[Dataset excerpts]
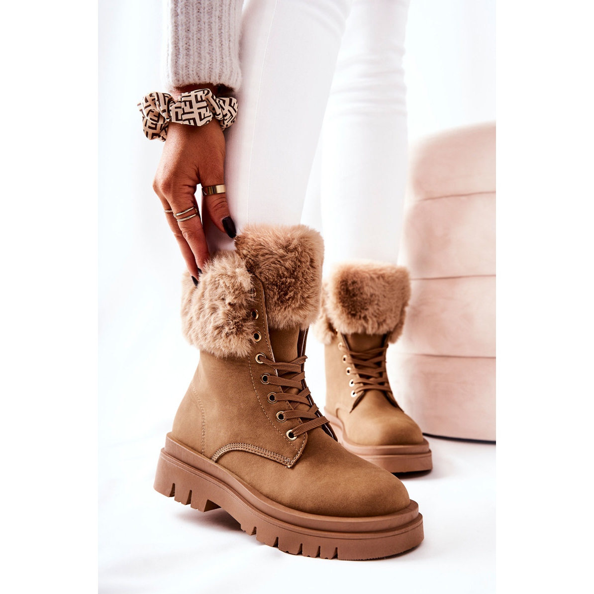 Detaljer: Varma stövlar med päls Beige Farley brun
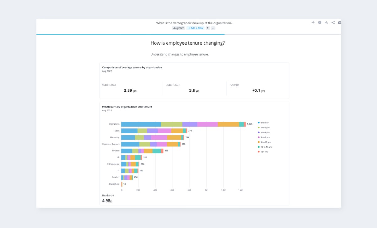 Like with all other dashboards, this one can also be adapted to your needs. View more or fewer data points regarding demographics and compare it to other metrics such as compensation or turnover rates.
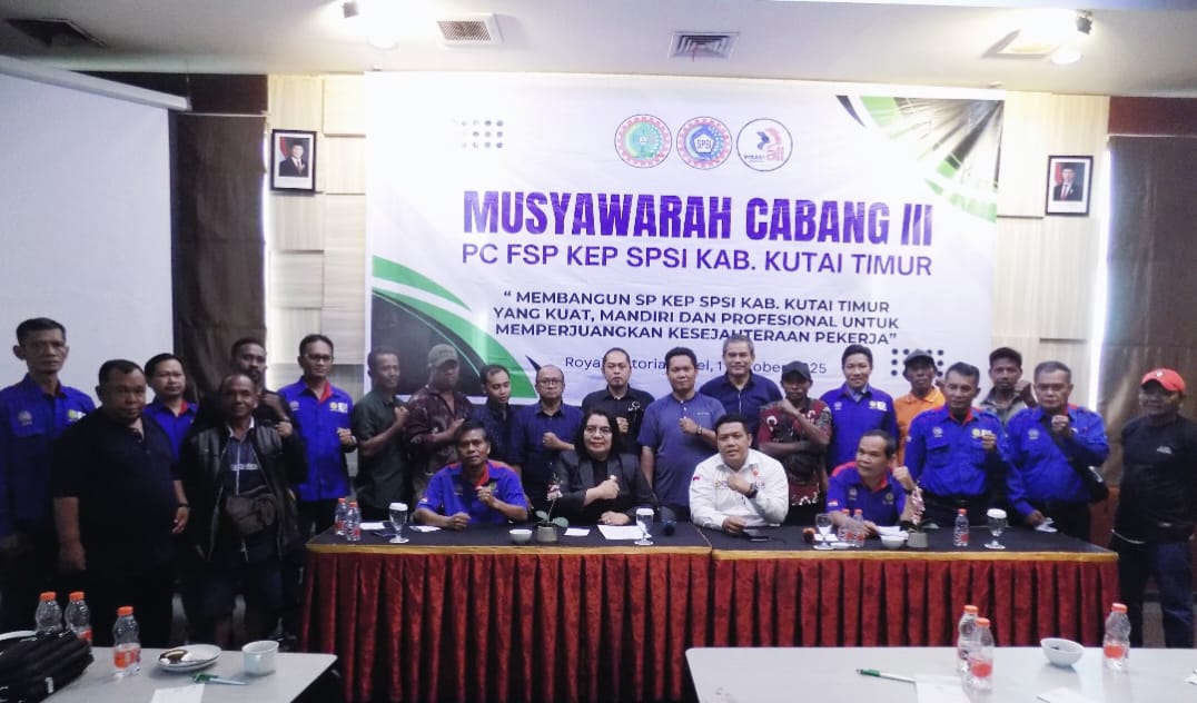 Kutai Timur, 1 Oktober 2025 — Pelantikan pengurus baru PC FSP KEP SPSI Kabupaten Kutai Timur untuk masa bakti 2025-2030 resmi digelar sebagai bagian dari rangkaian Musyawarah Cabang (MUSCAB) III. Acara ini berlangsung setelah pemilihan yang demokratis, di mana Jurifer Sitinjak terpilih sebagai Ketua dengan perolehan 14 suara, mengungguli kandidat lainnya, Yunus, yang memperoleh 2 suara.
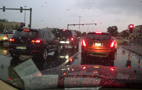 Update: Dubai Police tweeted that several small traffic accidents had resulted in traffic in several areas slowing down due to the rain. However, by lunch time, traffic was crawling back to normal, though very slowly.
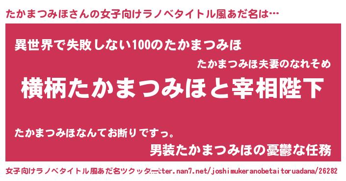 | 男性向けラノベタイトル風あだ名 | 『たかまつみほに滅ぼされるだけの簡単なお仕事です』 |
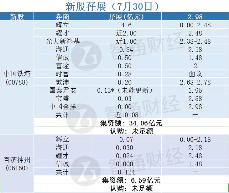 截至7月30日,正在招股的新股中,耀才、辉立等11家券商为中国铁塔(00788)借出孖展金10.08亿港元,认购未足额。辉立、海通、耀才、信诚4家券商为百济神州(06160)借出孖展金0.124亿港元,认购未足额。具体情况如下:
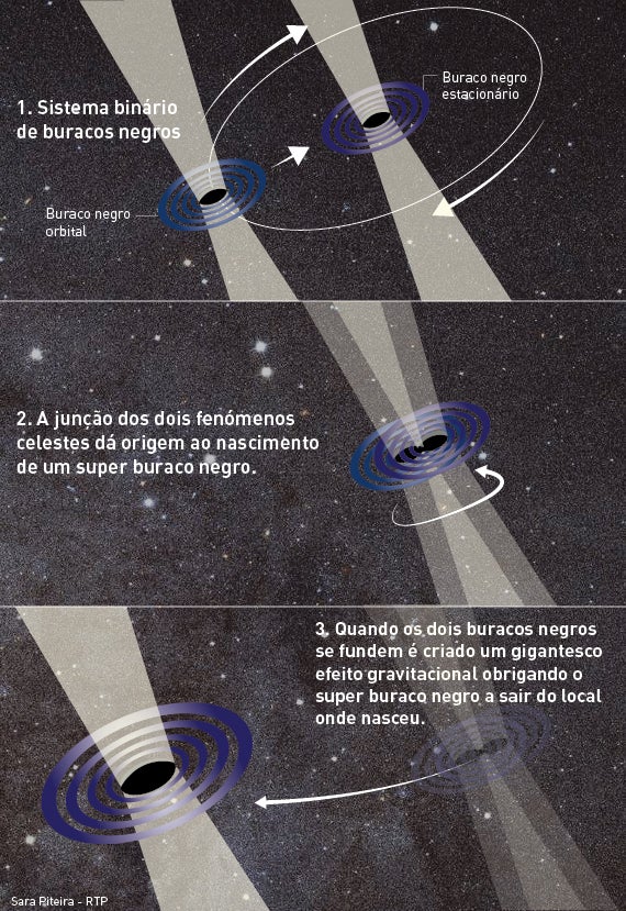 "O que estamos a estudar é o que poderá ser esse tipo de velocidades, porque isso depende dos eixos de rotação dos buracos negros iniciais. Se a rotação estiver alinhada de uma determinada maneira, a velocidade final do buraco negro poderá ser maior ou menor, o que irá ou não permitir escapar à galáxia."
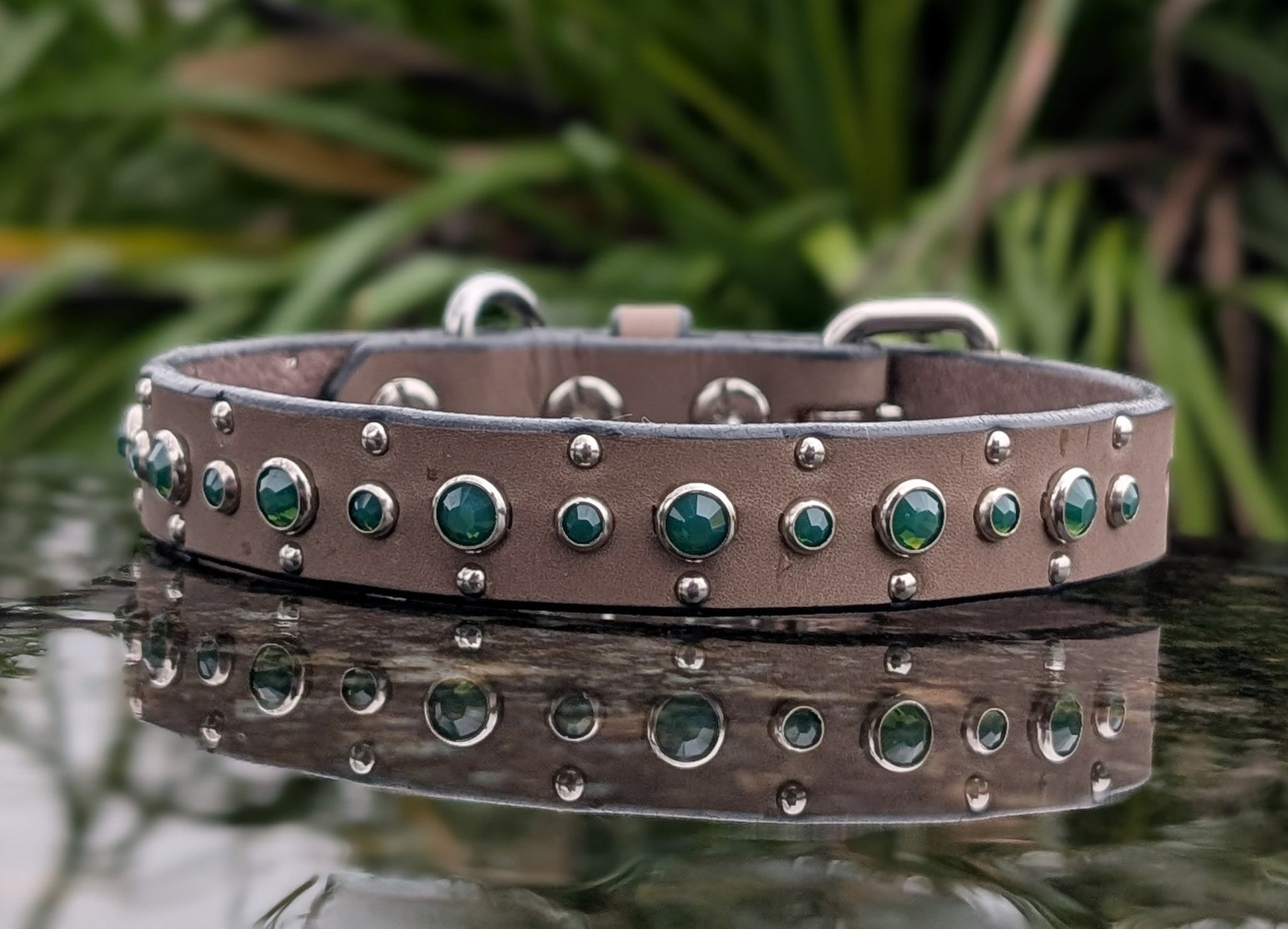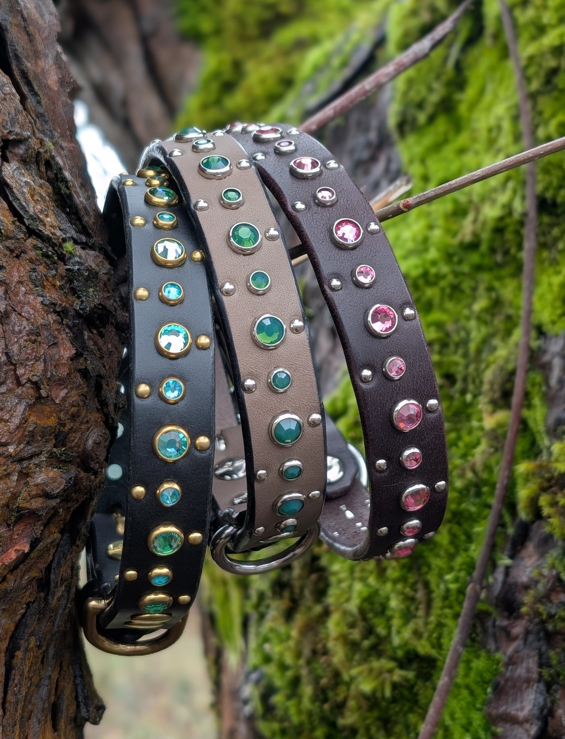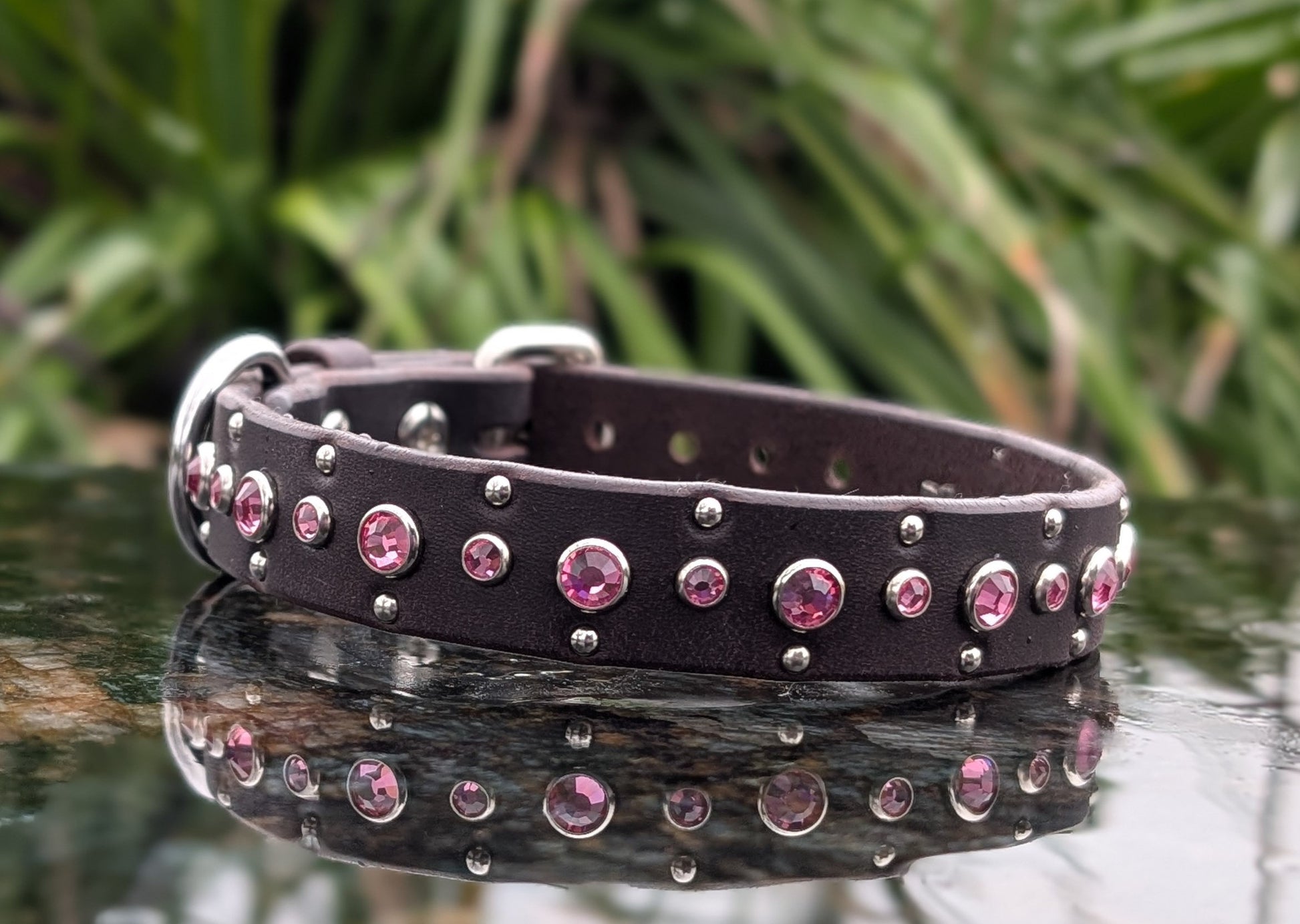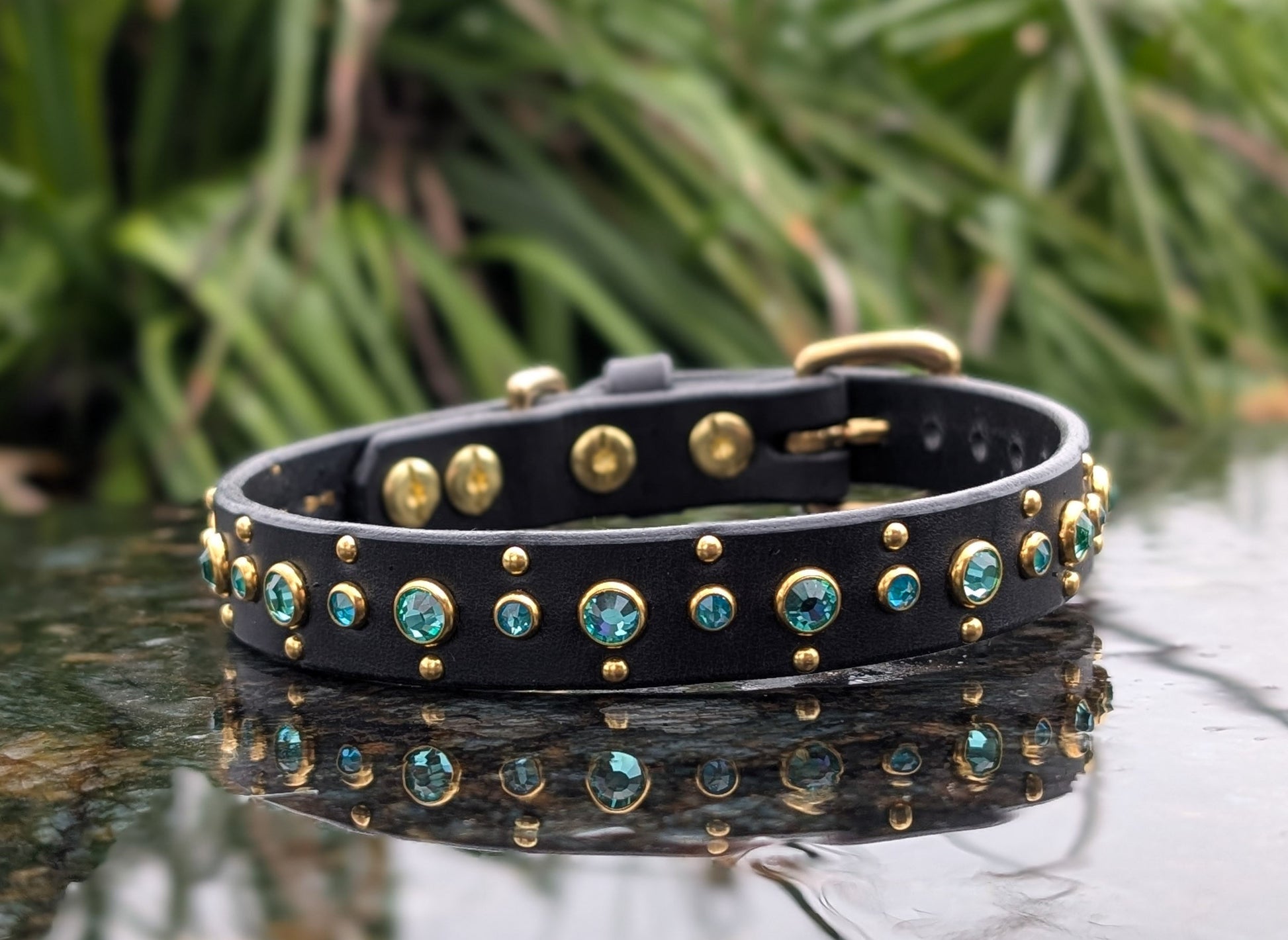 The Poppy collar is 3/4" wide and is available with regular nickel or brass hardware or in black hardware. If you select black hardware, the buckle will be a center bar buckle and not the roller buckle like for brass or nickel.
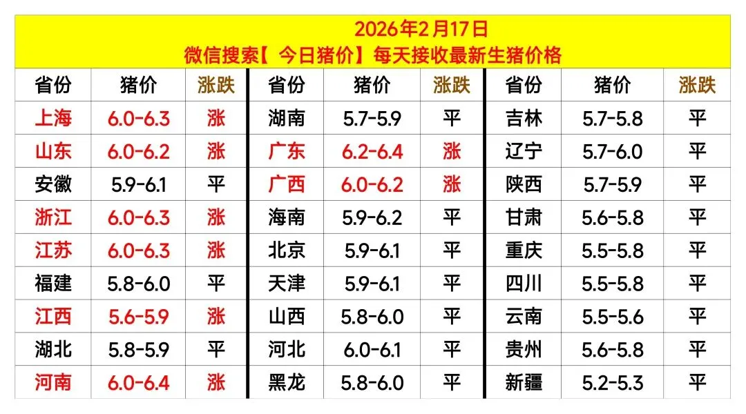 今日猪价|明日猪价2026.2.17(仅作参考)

> **Exercise**
Write out the data above exactly, minus any images.

> **Task output**
 Detaljer: Varma stövlar med päls Beige Farley brun
 Like with all other dashboards, this one can also be adapted to your needs. View more or fewer data points regarding demographics and compare it to other metrics such as compensation or turnover rates.
 Kutai Timur, 1 Oktober 2025 — Pelantikan pengurus baru PC FSP KEP SPSI Kabupaten Kutai Timur untuk masa bakti 2025-2030 resmi digelar sebagai bagian dari rangkaian Musyawarah Cabang (MUSCAB) III. Acara ini berlangsung setelah pemilihan yang demokratis, di mana Jurifer Sitinjak terpilih sebagai Ketua dengan perolehan 14 suara, mengungguli kandidat lainnya, Yunus, yang memperoleh 2 suara.
 Update: Dubai Police tweeted that several small traffic accidents had resulted in traffic in several areas slowing down due to the rain. However, by lunch time, traffic was crawling back to normal, though very slowly.
 | 男性向けラノベタイトル風あだ名 | 『たかまつみほに滅ぼされるだけの簡単なお仕事です』 |
 截至7月30日,正在招股的新股中,耀才、辉立等11家券商为中国铁塔(00788)借出孖展金10.08亿港元,认购未足额。辉立、海通、耀才、信诚4家券商为百济神州(06160)借出孖展金0.124亿港元,认购未足额。具体情况如下:
 "O que estamos a estudar é o que poderá ser esse tipo de velocidades, porque isso depende dos eixos de rotação dos buracos negros iniciais. Se a rotação estiver alinhada de uma determinada maneira, a velocidade final do buraco negro poderá ser maior ou menor, o que irá ou não permitir escapar à galáxia."
 The Poppy collar is 3/4" wide and is available with regular nickel or brass hardware or in black hardware. If you select black hardware, the buckle will be a center bar buckle and not the roller buckle like for brass or nickel.
 今日猪价|明日猪价2026.2.17(仅作参考)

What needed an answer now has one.